What is needed:
In your copy, include every line of the listing below exactly but none of the pictures.

Raw data:
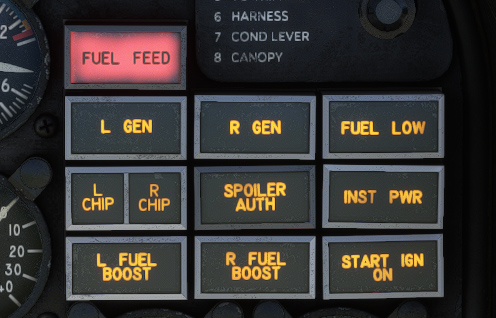 | Fuel low caution | Amber | Less than 225 pounds of fuel in center wing tank |
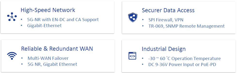 | ‧ | The IDG780 has various interfaces include 5G-NR cellular and Gigabit-Ethernet to provide internet uplink. It provides capability of WAN extender and can handle different networking interfaces to have a robust connection for end devices. Beside the DC 9-36V power input, it also has a PoE-PD input with the configurable LAN/WAN port to make the deployment more flexible. Industrial design also makes the device to operate in a harsh environment. 5G-NR cellular helps the device to replace original Gigabit-level fixed line and make the service available where people need it. |
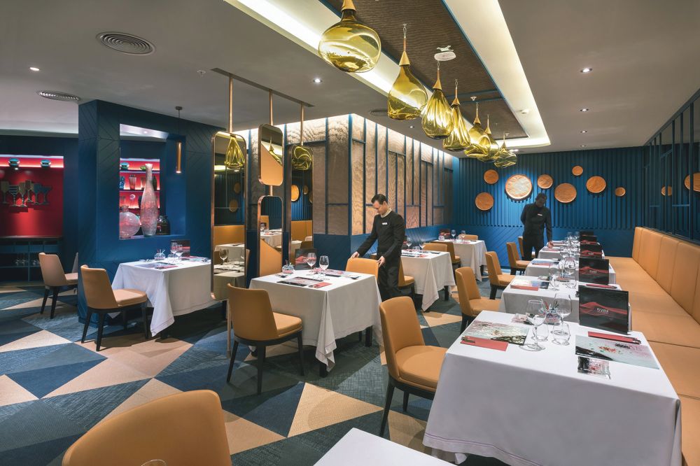 - Hoofdrestaurant met terras (avondmaal in buffetvorm, showcooking, vegetarisch gerecht, 2x/week speciale avond)

Expected answer:
 | Fuel low caution | Amber | Less than 225 pounds of fuel in center wing tank |
 | ‧ | The IDG780 has various interfaces include 5G-NR cellular and Gigabit-Ethernet to provide internet uplink. It provides capability of WAN extender and can handle different networking interfaces to have a robust connection for end devices. Beside the DC 9-36V power input, it also has a PoE-PD input with the configurable LAN/WAN port to make the deployment more flexible. Industrial design also makes the device to operate in a harsh environment. 5G-NR cellular helps the device to replace original Gigabit-level fixed line and make the service available where people need it. |
 - Hoofdrestaurant met terras (avondmaal in buffetvorm, showcooking, vegetarisch gerecht, 2x/week speciale avond)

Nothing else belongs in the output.